Back in part 1, I mentioned attempting to render RAW images in Metal since I couldn’t figure out how to get EDR working until I revisited it while writing this blog post. As I already use Metal to render Composure’s viewfinder/video preview, I started by attempting to render this SDR content in EDR, and quickly realized that this could be a useful way of boosting brightness if the user was in a very bright environment.

The Metal RAW image viewer was shelved due to performance issues and replaced with the native SwiftUI implementation, and the EDR live preview ended up being almost useless.
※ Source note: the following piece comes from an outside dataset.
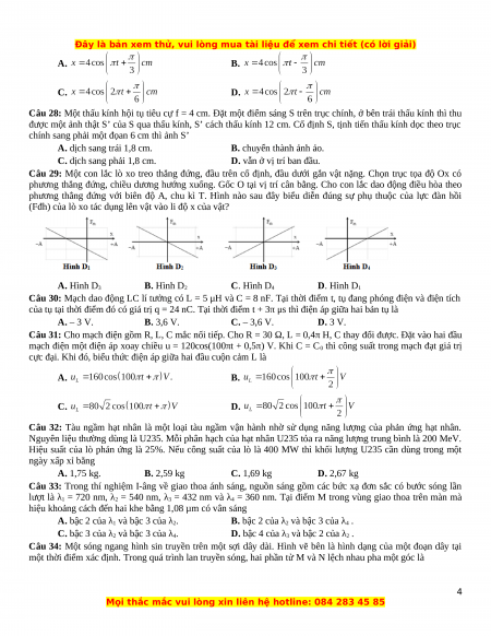 Bài thi: KHOA HỌC TỰ NHIÊN; Môn thi: VẬT LÝ

Despite this, I finished the EDR live preview anyway - mostly because I had also spent a lot of time on this. and learnt a lot about color spaces, transfer functions and Metal EDR support in the process.
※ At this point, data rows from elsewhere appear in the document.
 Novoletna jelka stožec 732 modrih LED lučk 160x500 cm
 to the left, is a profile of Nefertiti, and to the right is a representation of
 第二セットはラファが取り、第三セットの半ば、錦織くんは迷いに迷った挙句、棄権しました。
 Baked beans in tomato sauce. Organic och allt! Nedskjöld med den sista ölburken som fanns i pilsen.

Color Spaces and Transfer Functions

Very roughly, a color space describes a way of mapping some input vector - often RGB values, into a color that can be seen by human eyeballs.

sRGB is the most common color space you will come across, but recent Apple displays and cameras now use Display P3, which supports a wider color gamut. BT.2020 is wider still (BT.2100 uses the same color space but supports HDR).
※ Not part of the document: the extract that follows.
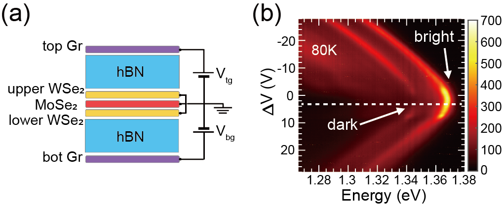 (a):三层异质结的双栅器件结构示意图;(b):电场调控的亮暗电四极激子光谱。
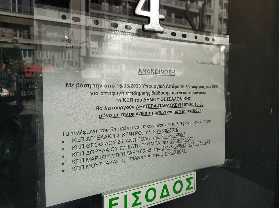 Κλειστές πόρτες στα ΚΕΠ, υπάλληλοι με μάσκα ενημερώνουν για τα τηλέφωνα.

A comparison of RGB gamuts of sRGB, P3, Rec2020, etc. using the CIE1931
chromaticity
diagram.

Visualization by Myndex, CC BY-SA 4.0 DEED. Modified to partially support dark mode.

If you want to learn more, David Gavian has a good blog post on Display P3 and conversions to and from sRGB.

Transfer Functions

A transfer function, also known as an electro-optical transfer function (EOTF), is a function which maps an input signal into light intensity.

Like with hearing, humans perceive brightness non-linearly: increasing the brightness by some fixed value will be more noticeable in dark areas compared to light areas.

Comparison between linear and gamma transfer functions

Hence, if you have a limited bitdepth, ‘spending’ more on that budget on darker areas will reduce the amount of banding perceived. If you want to learn more about this, this 10 part series covers the history of gamma, its issues and alternatives.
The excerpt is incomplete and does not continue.